Karina Winter was truly on fire from then on out – she hit five out of six 10s over the last two sets, dropping a single point, while Jager’s best arrow was a nine. Winter kept the lead to the end and took gold.

“My opponent, Maja from Denmark, was a strong archer. Not only because she’s the reigning world champion but also because I have competed with her in many competitions before,” says Winter, as she describes how little was going through her mind on the field.

“I wasn’t paying attention to anything during the match. It was just me, my coach and the target. When I started to shoot I had nothing on my mind except the rhythm, timing and the feeling. I did it like it was routine.“

Once her last arrow landed in the middle of the target, Karina realised that she had scored a perfect 30 in the final set – which the German athlete describes as an amazing feeling.

“I felt that the medal was not just for me, but for my teammates as well – as a symbol of recovery and reparation,” she explains.

The medal, Karina says, has been a long time coming.

It was back in 2009 that things started to turn in her favour. At the World Archery Indoor Championships in Rzeszow, Poland, she won her first gold medal in international recurve competition.

“The most important thing is that I wasn’t satisfied with my shooting before Rzeszow,” she says. “I had technical issues and my confidence wasn’t the best.”

When she arrived in Poland, her mood changed completely. As soon as she shot at the practice range, that emotion – the fire she described in Baku – returned and Karina remembers telling her coach: “There she is again.”

With a personal best of 585 out of 600 for the 18-metre ranking round, Winter placed fourth in qualification before making her way through the brackets.

She came up against Berengere Schuh of France in the semifinals. Schuh was the top seed and had set a new world record of 592 during qualification – a record that still stands in 2015. Karina won the match by two points, 118-116.

(Indoor head-to-head matches were decided by 12-arrow cumulative score at that time.)

 “In the gold medal match I met Natalia Valeeva,” she says. “I had never shot with or against her before. All I knew was that she was a veteran and multiple world champion.”

Remembering she focused on shooting her arrows just like she had in the previous phases, Winter’s match with Valeeva ran tight to the last arrow. It got exciting, she says. The final score was 114 to 113.
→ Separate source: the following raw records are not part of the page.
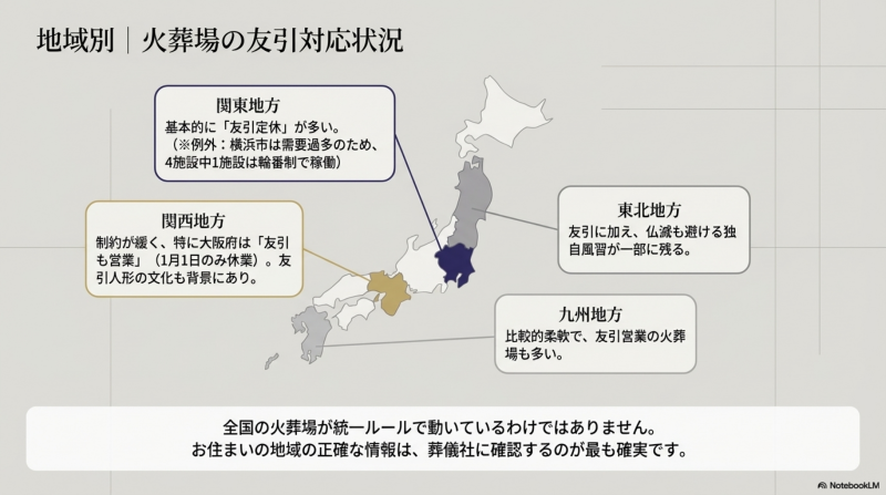 - 中国・四国地方:友引定休が一般的だが、地域差が大きい
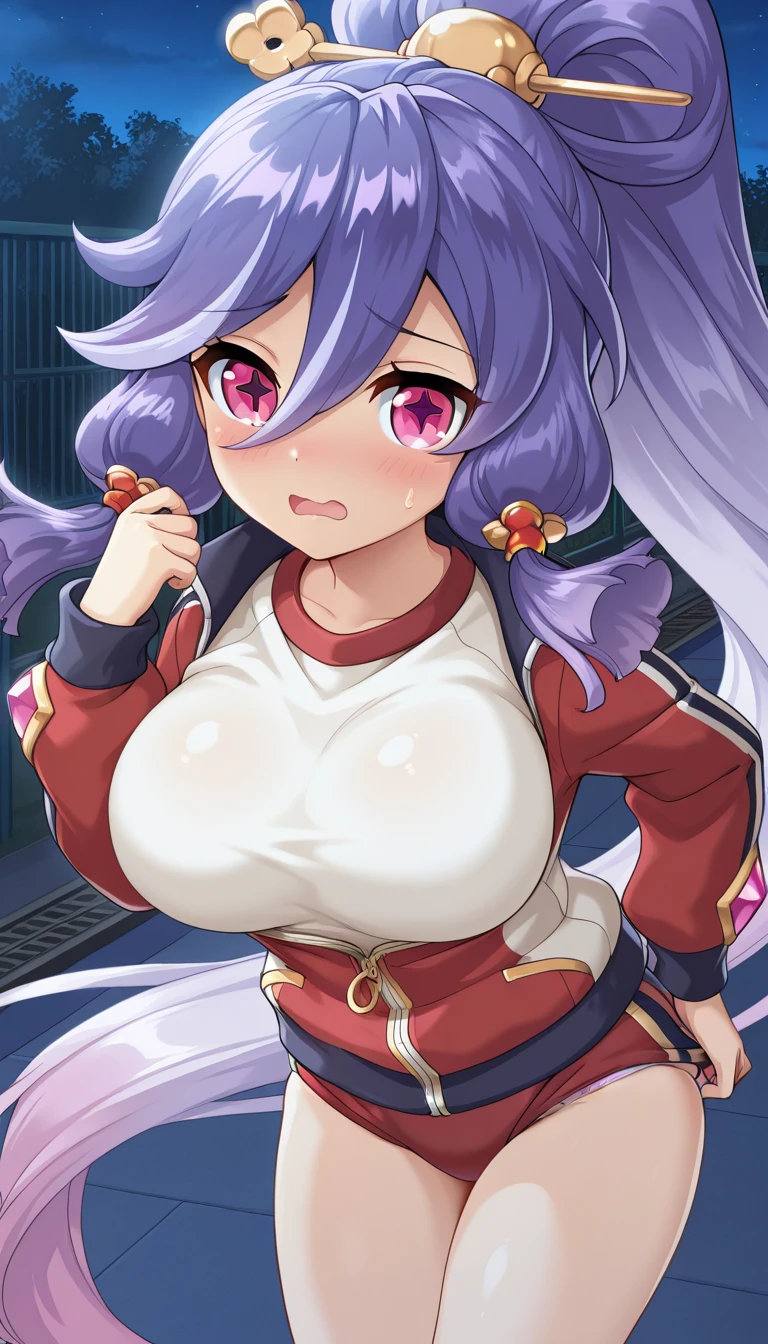 Gym uniform Costume (Hades): HattoriHanzou\(legend clover\), 1girl, very long hair, white hair, purple hair, two-tone hair, gradient hair, high ponytail, sidelocks, hair between eyes, hair stick, pink eyes, star-shaped pupils, hair tubes, large breasts, white shirt, two-tone jacket, open jacket, red jacket, track jacket, gym shirt, red track suit, long sleeves, partially unzipped, zipper, zipper pull tab, gold trim, red buruma, kneehighs, white socks, sneakers, white footwear, ankle_lace-up,
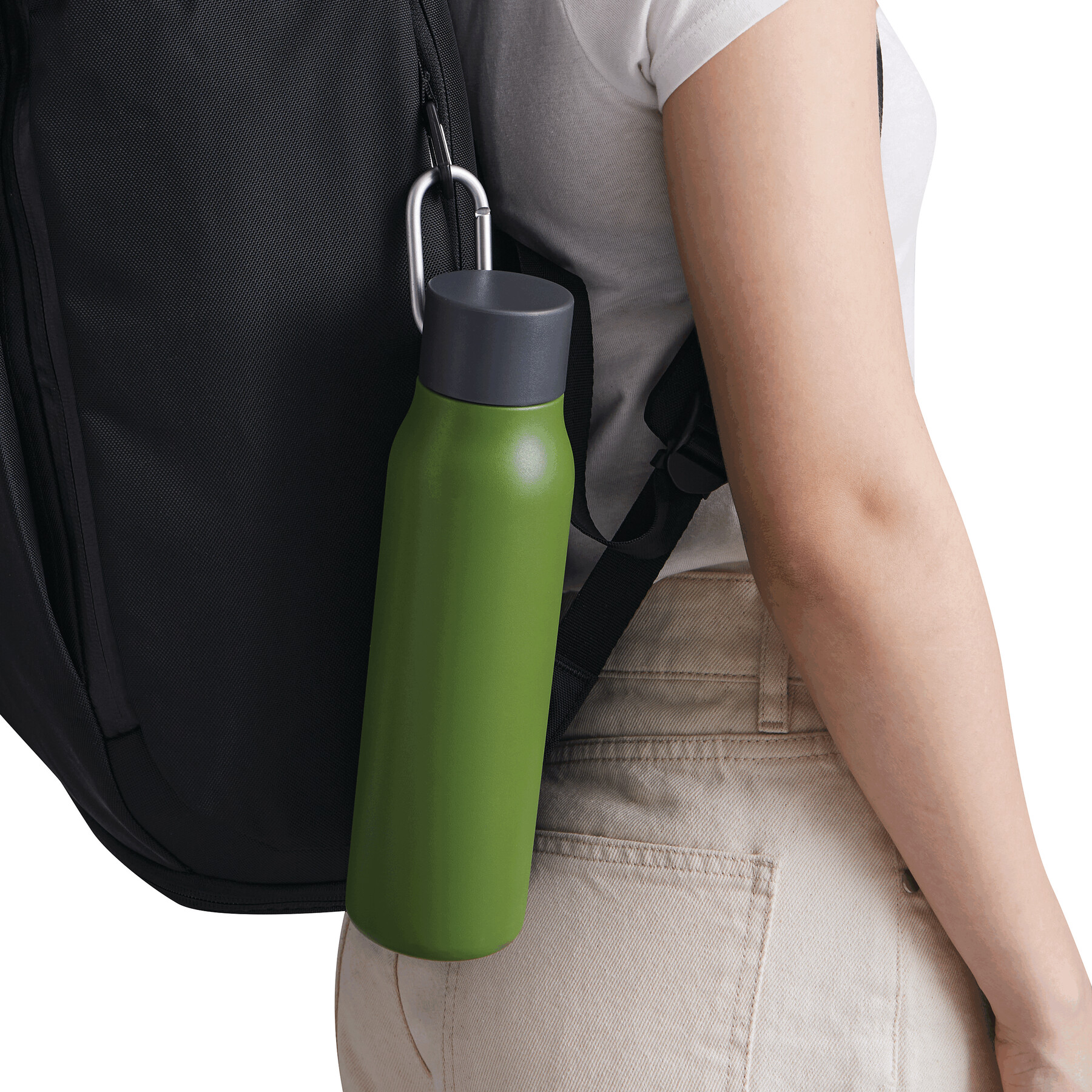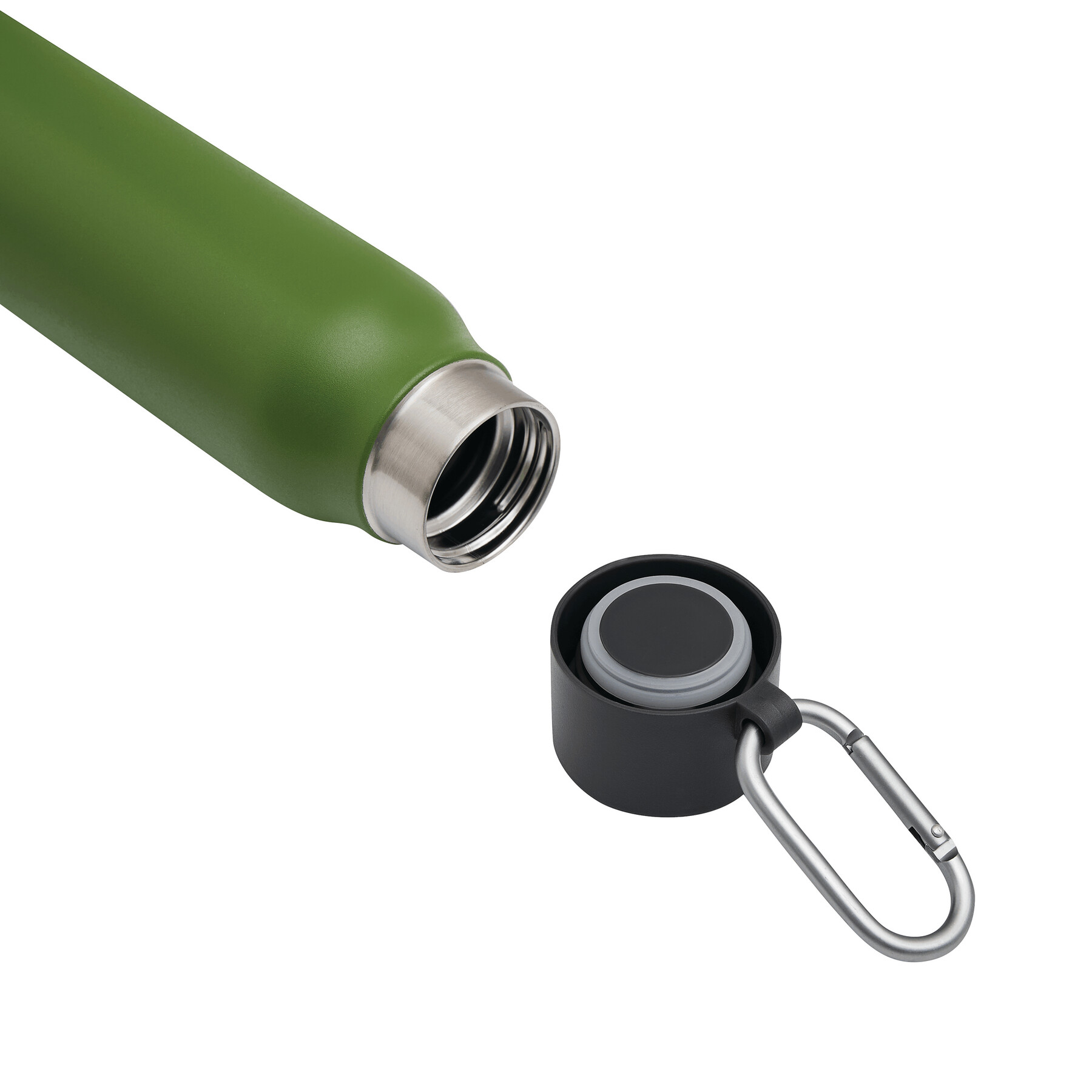 Vakuum-Isolierflasche ALPINE PEAK, doppelwandig: innen aus recyceltem Edelstahl und außen aus Edelstahl, schwarzer Kunststoff-Deckel mit sicherem Schraubverschluss, Silikon-Dichtring und Karabinerhaken (der Karabiner ist NICHT als Sicherung beim Klettern geeignet), Füllmenge ca. 550 ml, hält ca. 8 Stunden warm und bis zu 12 Stunden kalt, in Box

“I won gold against Natalia. The moment was unbelievable, incredible and just awesome. She was and is one of the best archers on this planet.”

With qualification for Rio 2016 on the horizon, Winter recalls her qualification campaigns for previous Games with disappointment: “It was strange and sad not to qualify in 2008 and 2012.”

Her drive is undeniable in the quest for the next Olympiad.

“I want to qualify for Rio,” she states. “Not just because it’s my third try, but because I feel the time is right.”

Winter just completed a university masters degree in March 2015. She wanted the studies to be finished before the pre-Olympic season started so she could concentrate fully on competition.

Interestingly, Karina’s first competitive love was not archery. She started gymnastics at the age of five before quitting six years later, aged 11, because of an accident and after which doctors discovered she had been born with a back injury.

She still has a soft spot for that sport: “Whenever I watch gymnastics on television or in person my heart starts pumping – and I get that same feeling I had in Rzeszow and Baku when winning the competitions. I’m filled with happiness and joy.”

“The day before I won gold in Baku I went to watch the gymnastics finals. I felt incredibly powerful. Watching gymnastics and winning archery gold feels the same to me, strangely enough.”

Even though she had to leave her first sport, she still loves it – and it brought her to archery.

“There’s a connection and home is where the heart is,” she concludes. “So maybe when I qualify for Rio, I will watch gymnastics again. Two lovely sports, together again, reunited in Rio.”